Mahasiswa Unila Pemetaan Jalur Evakuasi Tsunami di Way Lunik
Sumber Foto: rmollampung.id
Jalur Berita

Mahasiswa Unila Pemetaan Jalur Evakuasi Tsunami di Way Lunik

Mahasiswa Universitas Lampung (Unila) berkomitmen untuk memberikan kontribusi nyata kepada masyarakat melalui program Kuliah Kerja Nyata (KKN). Kali ini, mereka ditempatkan di Kelurahan Way Lunik 1, wilayah pesisir yang memiliki tingkat kerentanan tinggi terhadap potensi tsunami. Sebagai langkah preventif, mahasiswa tersebut menyusun peta jalur evakuasi tsunami untuk meningkatkan kesiapsiagaan warga setempat.

Kondisi di Kelurahan Way Lunik menunjukkan bahwa informasi mengenai jalur evakuasi, titik kumpul, dan lokasi aman masih sangat terbatas. Hal ini berpotensi menimbulkan kepanikan dan kebingungan saat bencana terjadi secara mendadak. Dengan mengingat hal tersebut, tim KKN melakukan observasi lapangan untuk mengumpulkan data yang diperlukan.

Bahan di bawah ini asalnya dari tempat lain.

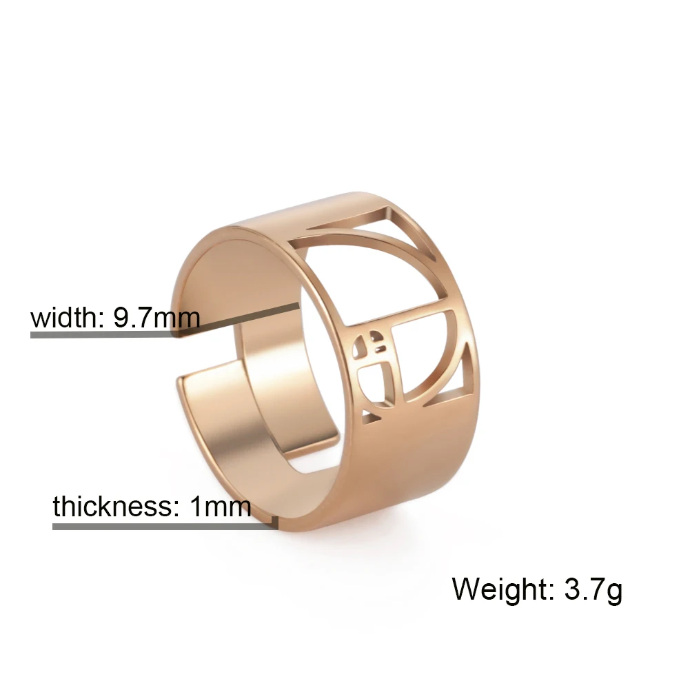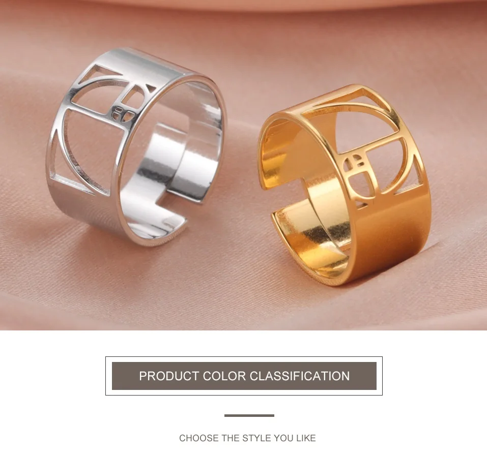Название продукта: спираль Фибоначчи в моей форме, кольца для мужчин, женщин, мужчин, эстетическое геометрическое кольцо из нержавеющей стали, винтажное ювелирное изделие, регулируемое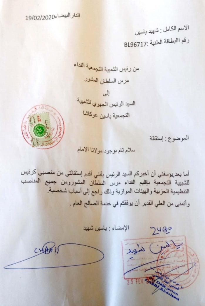 قدم رئيس الشبيبة التجمعية الفداء مرس السلطان استقالته من مسؤوليته و من الحزب .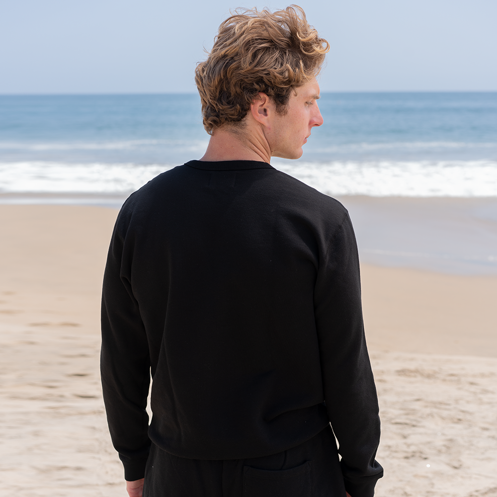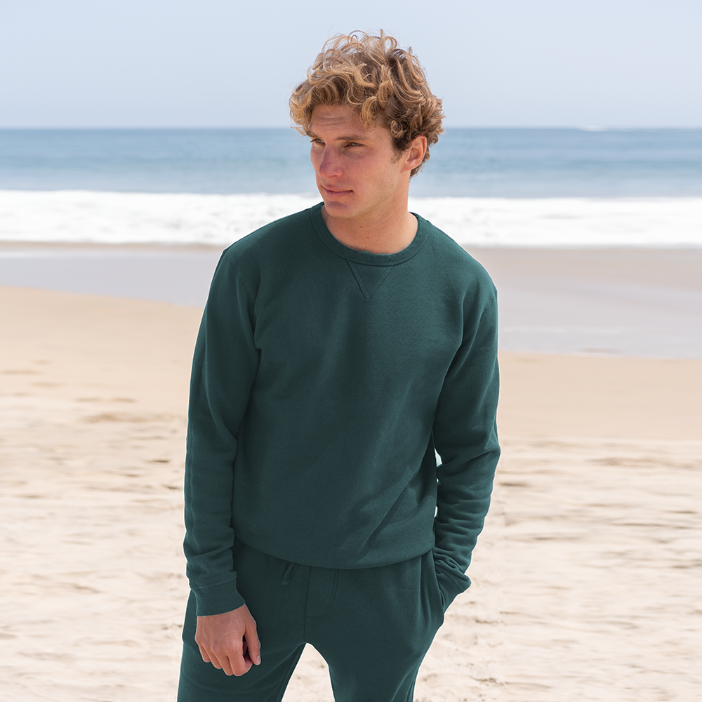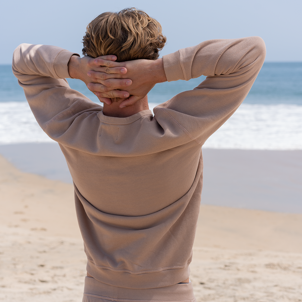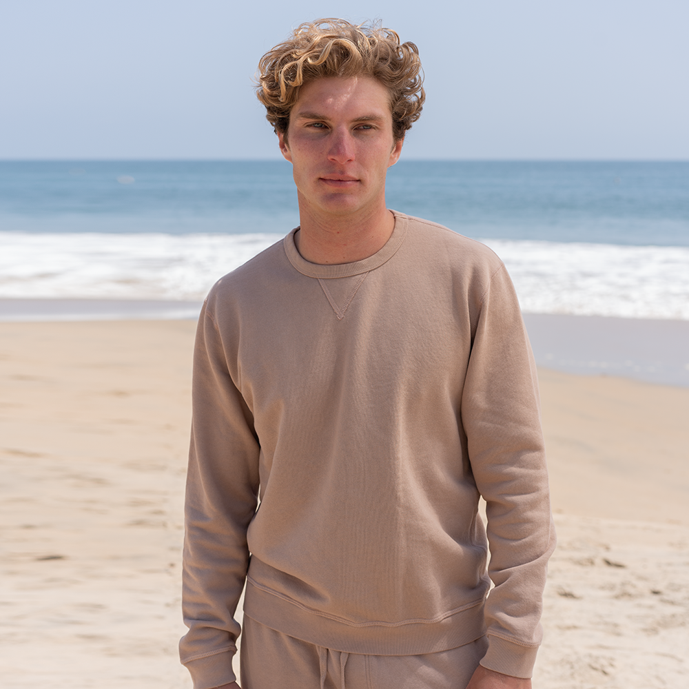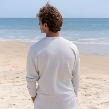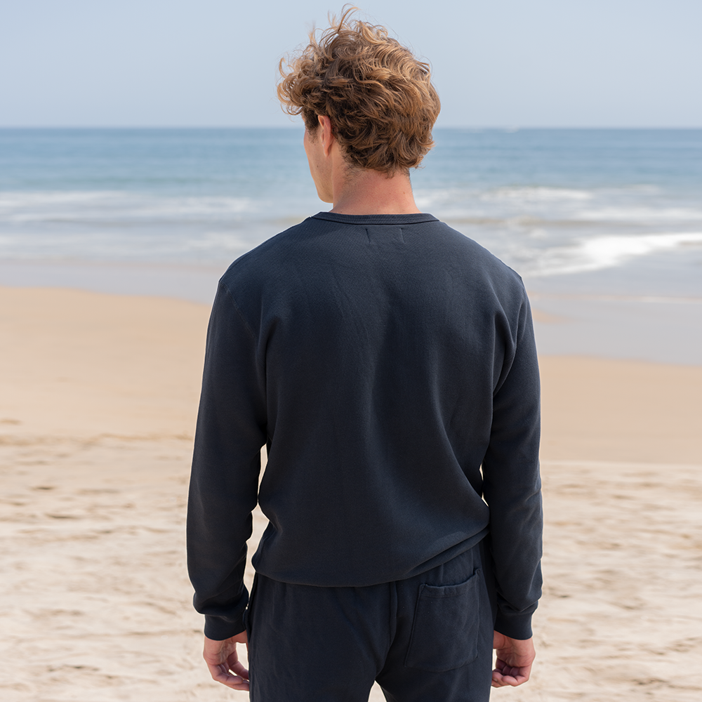 A sustainably sourced super soft 100% organic cotton French Terry sweatshirt, with subtle details like flatlock seams and binding. This pullover embodies the classic essential piece your wardrobe is missing. You'll be reaching for it time and time again, as it seamlessly compliments any outfit.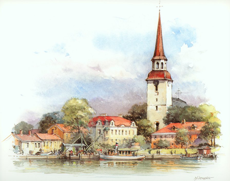 Теги: лето, река, живопись, природа, пейзаж, мост.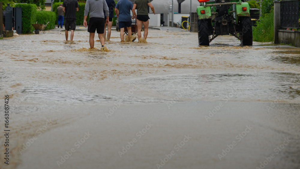 Floodwaters cover streets as residents navigate through knee-deep water, while a tractor assists in cleanup efforts during the flood.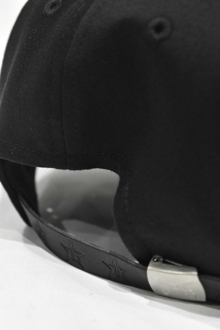 今回のコラボCAPの為だけに双方のメインアイコンをミックスした柄をスワロフスキーで表現したスペシャルアイテムです。本体6枚パネルハギのクラウンは、綺麗な丸みを帯びたKAZUYUKI KUMAGAIの型を採用し被りの良さ、そして綺麗なシルエットを描いています。バイザーは細くシャープ感のあるroargunsの型を採用してそれぞれの特性を生かしたハイブリッドな形にドッキングし仕上げたスペシャルアイテムです。コラボレーションの証として両ブランドのビスネームタグが縫い付けられているのもポイントです。追加予定無しで既に完売しているアイテムになりますのでこの機会に是非とも宜しくご検討下さいませ。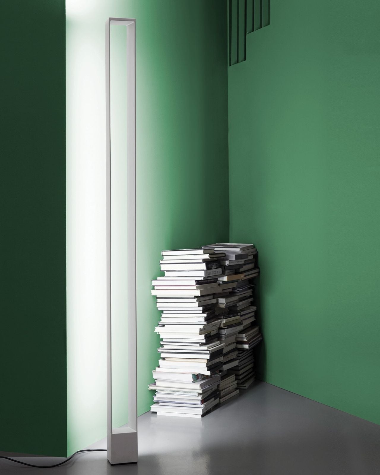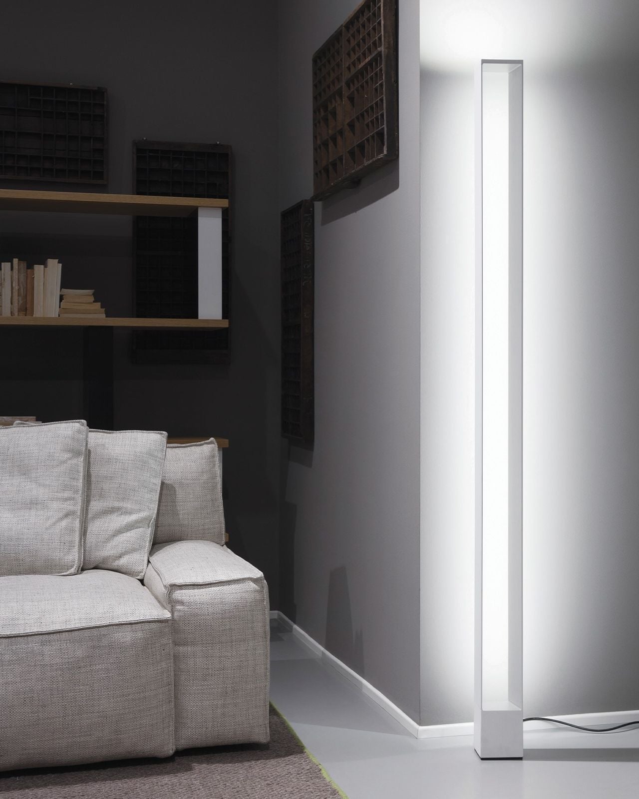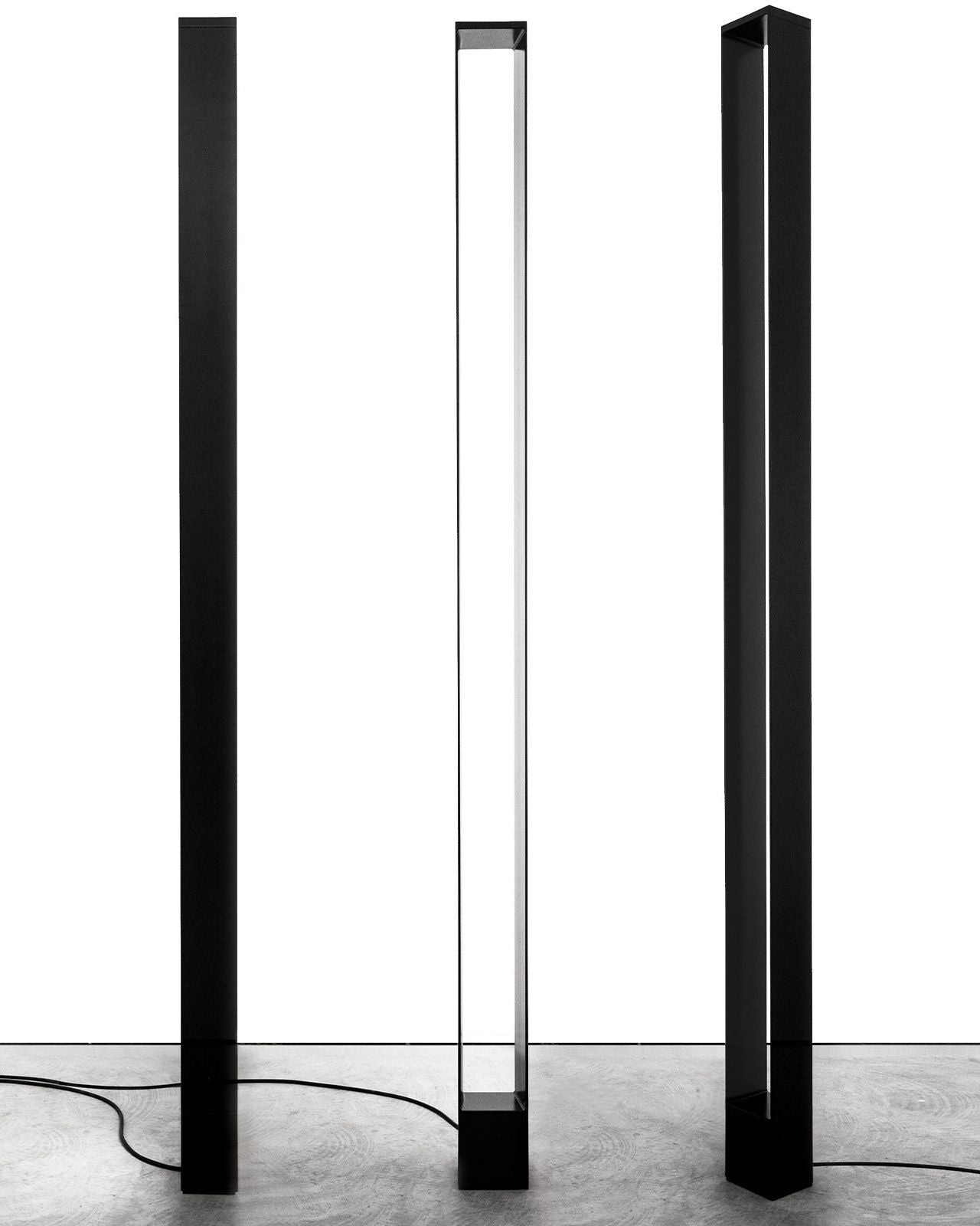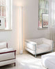 The Dimmable Rectangular LED Floor Lamp with body in extruded aluminium, heads and base in die-casted aluminium, diffusers in opal and transparent metacrylate. Structure painted in matt white or black. The uplight LED source gives the uplight warm and diffused flood, while the side LED provides an indirect ambient light. Dimmable, double switching on the cable.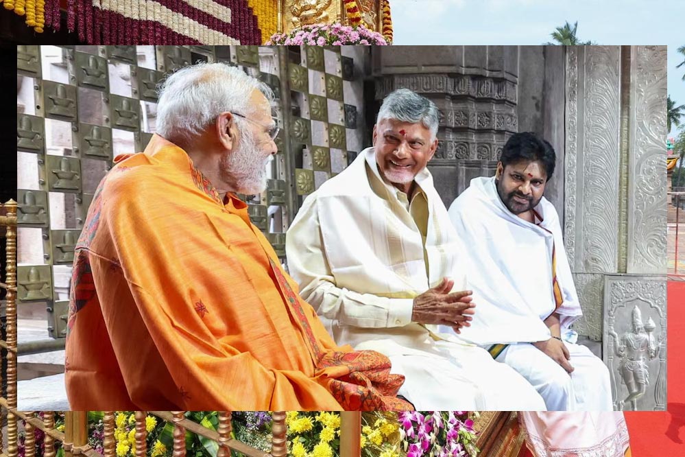 PM मोदी ने मल्लिकार्जुन ज्योतिर्लिंग में की पूजा, नायडू और पवन कल्याण भी रहे साथ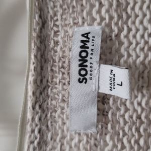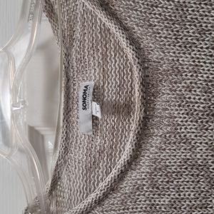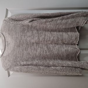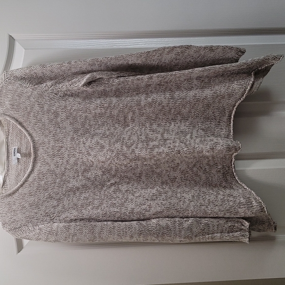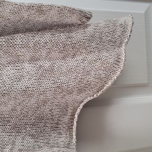 Soft and comfy shark bite hemline sweater. Tan and white. No stains or tears. Cotton, polyester. Smoke free home. Offers are welcome.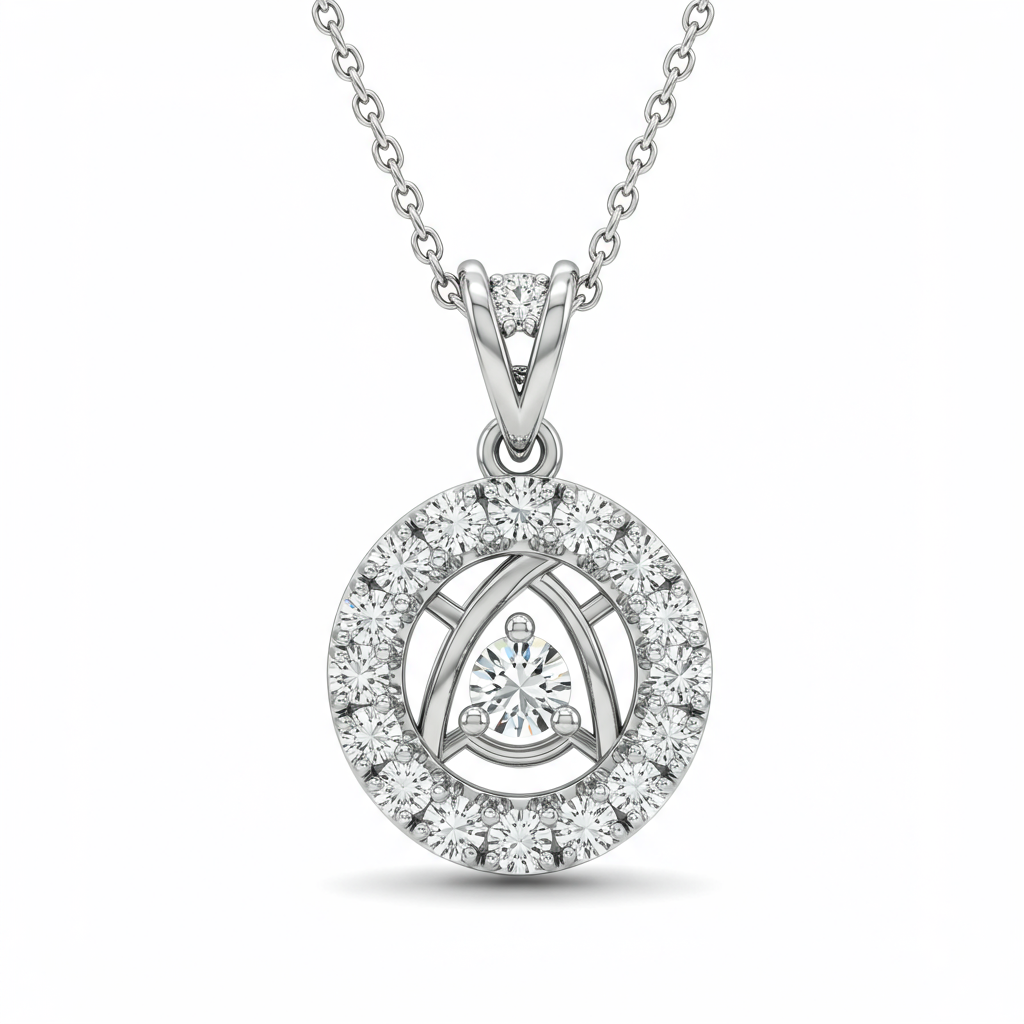 The 'new model necklace' is an emblem of modern sophistication, featuring a dazzling cluster of high-quality diamonds set in luminous 18KT white gold. Its central halo design creates an illusion of grandeur, capturing and reflecting light from every angle. The precision craftsmanship ensures a comfortable drape and enduring brilliance. This piece transitions effortlessly from daywear elegance to evening glamour, making it a truly versatile heirloom. It represents the perfect fusion of contemporary design and timeless luxury.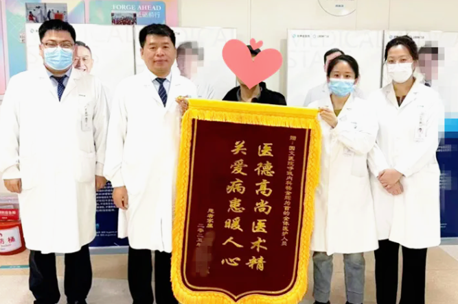 在醫(yī)護(hù)人員的悉心照料下,趙叔的病情趨于穩(wěn)定,7天后復(fù)查血化驗(yàn)顯示白細(xì)胞、血小板恢復(fù)正常,從入院時(shí)的焦灼不安到出院時(shí)的如釋重負(fù),趙叔和家人深刻的感受到了國(guó)文醫(yī)院的溫暖。在出院之際,特別送上一面錦旗,以表感謝。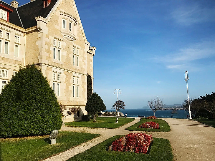 Рауль поднимает нас по крутым дорожкам до светлого королевского дворца Ла-Магдалена: перед ним четкие зеленые треугольники и посадки красно-розовых цветов.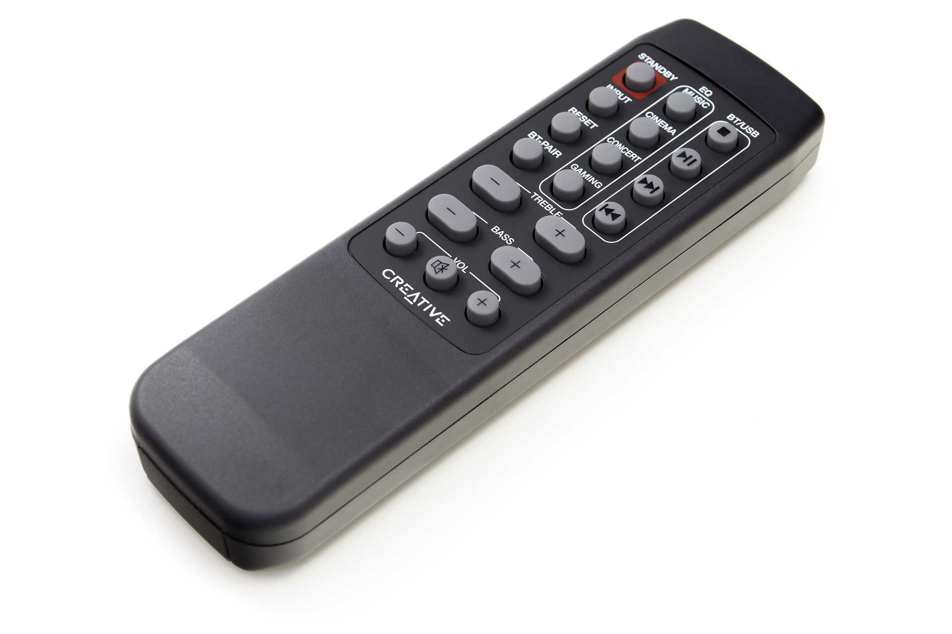 Всё управление акустической системой производится комплектным пультом дистанционного управления.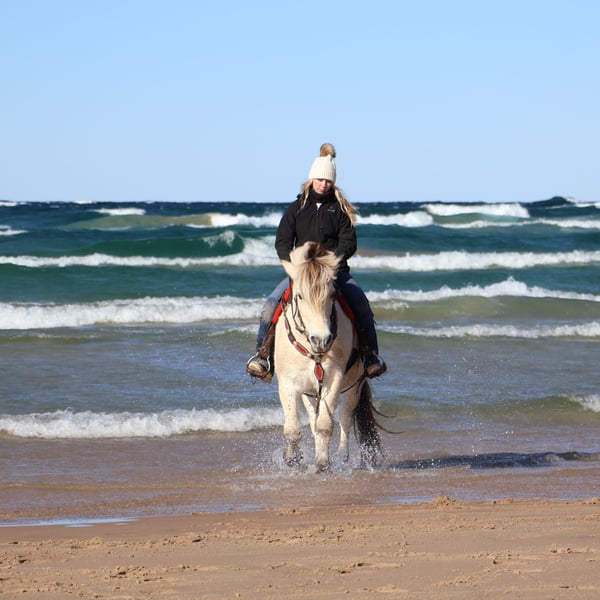 ⚜️ 𝓗𝓮𝓻𝓲𝓽𝓪𝓰𝓮 𝐖𝐢𝐧𝐭𝐞𝐫 𝓒𝓵𝓪𝓼𝓼𝓲𝓬⚜️ Happening now thru MONDAY | DECEMBER 29th - Available EXCLUSIVELY on HorseBid's website! For more details and to register visit: www.Horsebid.com CONSIGNOR CONTACT: Blackstone Stables 248-390-6831 LOCATION: Howell, MI BREED: Norwegian Fjord REGISTERED: Yes REGISTERED NAME: JE-NEA-AL COLOR: White Dun HEIGHT: 14.1 AGE: 8 GENDER: Gelding I couldn’t be more excited to introduce you to JE-NEA-AL. He is a registered Norwegian Fjord (17-7262-S) gelding. We call him Dewie around the farm. He is 8 years old. Dewie is brilliantly bred out of imported stock. He is a very rare white dun in color, who Carrie's the silver gene. If you could picture your favorite squishmellow coming to life Dewie would be it. He has a comforting nature while being exceptionally huggable. He stands 14.1hh. If you know about the breed you know they are known for their quiet demeanor, versatility and strong conformation. Dewie is no exception to that. He is beautifully put together and is hands down the most versatile guy around. Dewie is loaded with personality, and it oozes out of him! He adores people. He know liberty work such as how to lay down, and can even open a can of Mt. Dew, which happens to be his favorite drink. Dewie has been ridden on the roads, fields, the shore line of Lake Michigan and in the arena. He’s been used to round up cattle and rope off of. He will ride 100% off of your seat and leg ques. He will take care of any rider in any situation. We have had him out on the trails in the water and woods, he takes the lead or follow behind. He will ride out alone as well. He has absolutely delightful gaits. This boy makes you feel like a professional every ride. He has had kids as young as 5 years old ride him independently. He is soft in the bit and responsive to all aids. Dewie has all the natural horsemanship training you would ever expect and he soaks it all up like a sponge. He rides English, western, bareback and has had 30 days in harness. He has been to town, he’s been camping, he’s been on hunter paces and cattle drives, and even sledding! He is also no stranger to arena work and is jumping courses in the most adorable form. He has stellar ground manners and plays well with all other equines outside. I think the world of this pony and could write about him all day. I would love for you to watch his video as he tells his story far better than anyone. Please take note of the many levels of riders in this video. There’s nothing this pony can’t do! He lives in Howell, MI 48855 call or text Ellesse for more information 248-390-6831

Selama survei, mahasiswa mengidentifikasi wilayah-wilayah yang berisiko terdampak tsunami, menentukan jalur evakuasi yang paling aman, serta memetakan titik kumpul. Proses ini mempertimbangkan kondisi geografis, kepadatan permukiman, dan akses menuju lokasi dengan elevasi lebih tinggi.

Data yang telah dihimpun kemudian diolah menggunakan aplikasi ArcGIS, menghasilkan peta jalur evakuasi yang sistematis dan informatif. Peta tersebut memuat rute penyelamatan, arah evakuasi, serta titik kumpul yang dapat dijadikan panduan dalam kondisi darurat.

Selain menyusun peta, mahasiswa KKN juga mengadakan sosialisasi untuk masyarakat setempat. Dalam kegiatan ini, warga diberikan edukasi mengenai langkah-langkah penyelamatan diri, pentingnya mitigasi bencana sejak dini, dan cara membaca serta memanfaatkan peta evakuasi secara efektif.

Program ini diharapkan dapat menumbuhkan kewaspadaan kolektif dan memperkuat kesiapsiagaan masyarakat pesisir dalam menghadapi ancaman tsunami. Lebih dari sekadar agenda pengabdian, inisiatif mahasiswa Unila ini merupakan dukungan terhadap program nasional penguatan literasi kebencanaan, pemanfaatan teknologi digital, dan pemberdayaan masyarakat berbasis data.

Dengan upaya kecil dari kampus, diharapkan dapat tercipta budaya sadar bencana di wilayah pesisir Lampung.